Rangkaian proses hukum terhadap para pelaku dan aktivis yang terlibat dalam demonstrasi berujung kerusuhan pada 25 hingga 31 Agustus 2025 terus berjalan. Aksi yang berlangsung di sejumlah titik vital Jakarta, seperti Gedung DPR/MPR, Mako Brimob, Polda Metro Jaya, dan kawasan Senen tersebut diwarnai aksi perusakan fasilitas umum, pembakaran, penyerangan petugas, hingga pencurian dan penyebaran konten di media sosial.
Menindaklanjuti aksi tersebut, Bareskrim Mabes Polri mengumumkan penetapan 959 orang sebagai tersangka pada 24 September 2025. Penetapan ini berasal dari 246 laporan polisi di seluruh Indonesia, yang terdiri dari 664 tersangka dewasa dan 295 anak di bawah umur.
Berdasarkan pemantauan media DATASATU, proses persidangan kemudian bergulir di Pengadilan Negeri (PN) Jakarta Pusat.
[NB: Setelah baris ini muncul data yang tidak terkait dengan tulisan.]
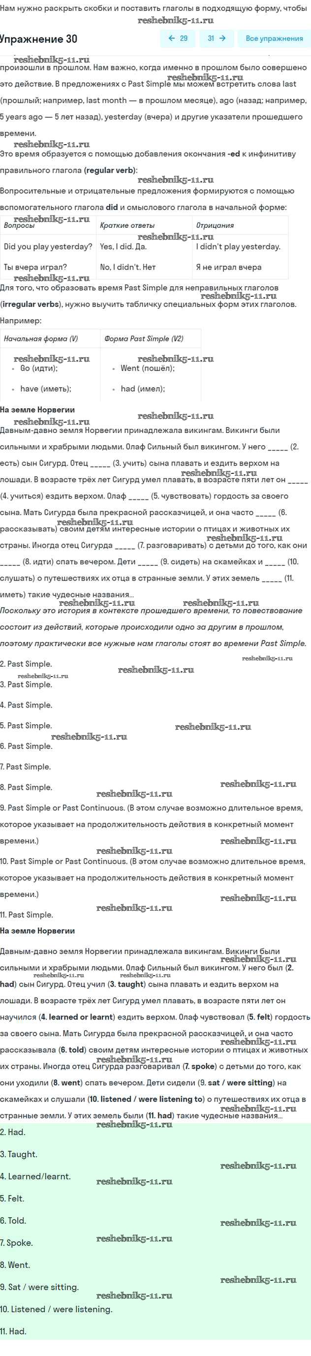 Готовая домашняя работа с ответами по Английскому языку за 7 класс Афанасьева, Михеева, Баранова Рабочая тетрадь Rainbow Дрофа 2019 ФГОС - Unit 6 30
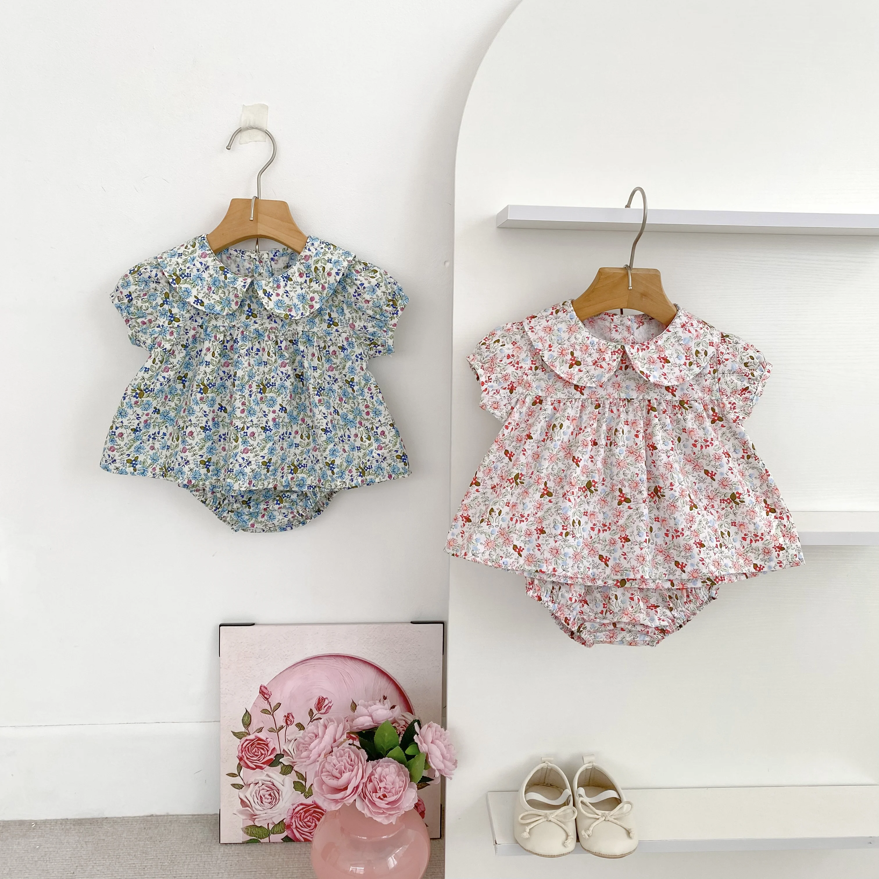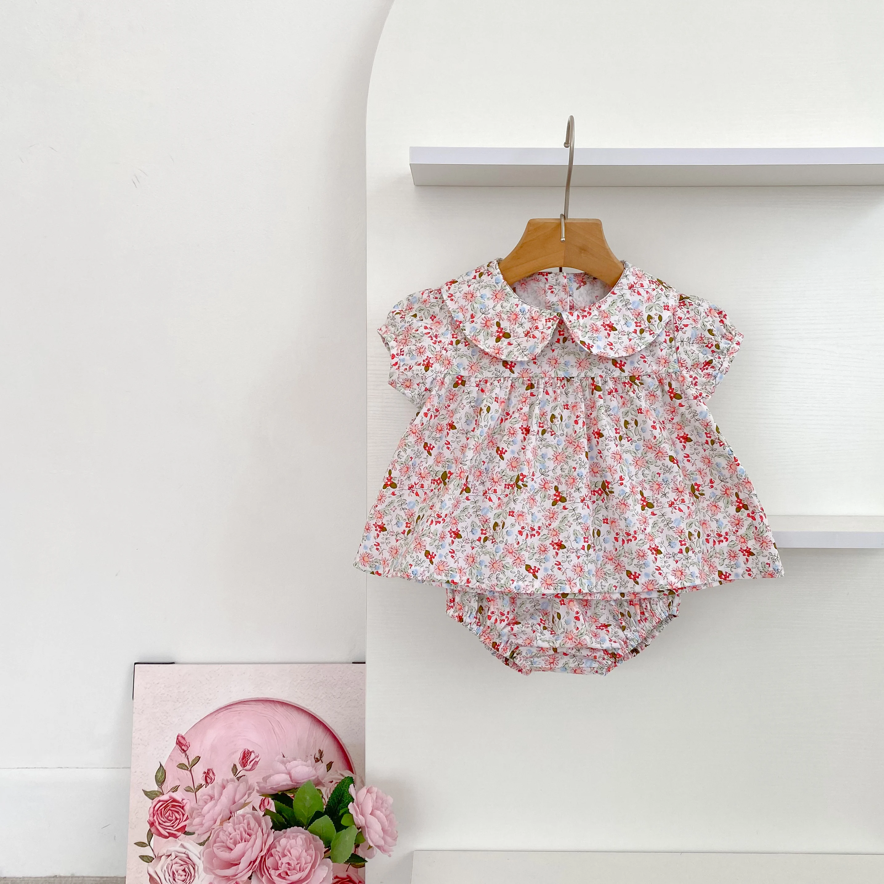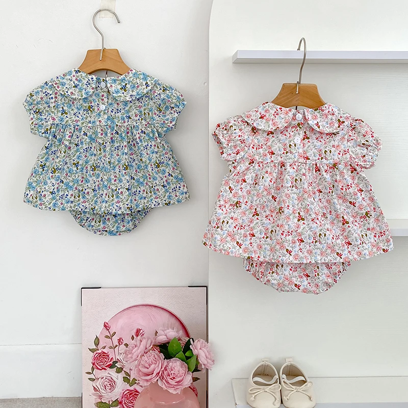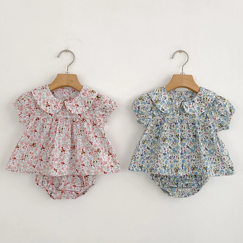 Summer Baby Girls Sets Short Sleeve Pure Flower T-shirt +PP Shorts Suit Sweet Baby Girls Clothes Infant Baby Girls Clothing Suit

Sidang pembacaan dakwaan perdana digelar pada 20 November 2025 untuk kelompok Eka Julia Syah dan kawan-kawan yang didakwa merusak fasilitas umum serta menyerang aparat. Selanjutnya pada 14 Januari 2026, Jaksa Penuntut Umum (JPU) menuntut 21 terdakwa dengan hukuman 10 bulan penjara dikurangi masa penahanan.
Pada 29 Januari 2026, majelis hakim yang dipimpin Hakim Ketua Saptono menjatuhkan vonis kepada 25 terdakwa. Dua terdakwa, yakni Neo Soa Rezeki dan Muhammad Azril, divonis 7 bulan penjara. Sementara itu, 23 terdakwa lainnya dijatuhi hukuman 10 bulan penjara dengan masa percobaan selama 1 tahun sehingga diputuskan bebas dari tahanan.
Tak hanya pelaku di lapangan, penanganan hukum juga menyasar para aktivis media sosial. Pada 27 Februari 2026, JPU menuntut 4 aktivis (Delpedro Marhaen, Muzaffar Salim, Syahdan Husein, dan Khariq Anhar) dengan hukuman 2 tahun penjara atas tuduhan penghasutan dan unggahan konten di media sosial. Merespons tuntutan tersebut, keempat aktivis bersama tim kuasa hukum dari LBH Jakarta membacakan nota pembelaan atau pleidoi pada 4 Maret 2026.
Proses hukum berlanjut hingga 10 Agustus 2026, di mana JPU menuntut Khariq Anhar dengan hukuman 6 bulan penjara dan biaya perkara sebesar Rp5.000. Ia dinilai melanggar UU ITE terkait penyuntingan dan manipulasi gambar tangkapan layar berita saat aksi demonstrasi.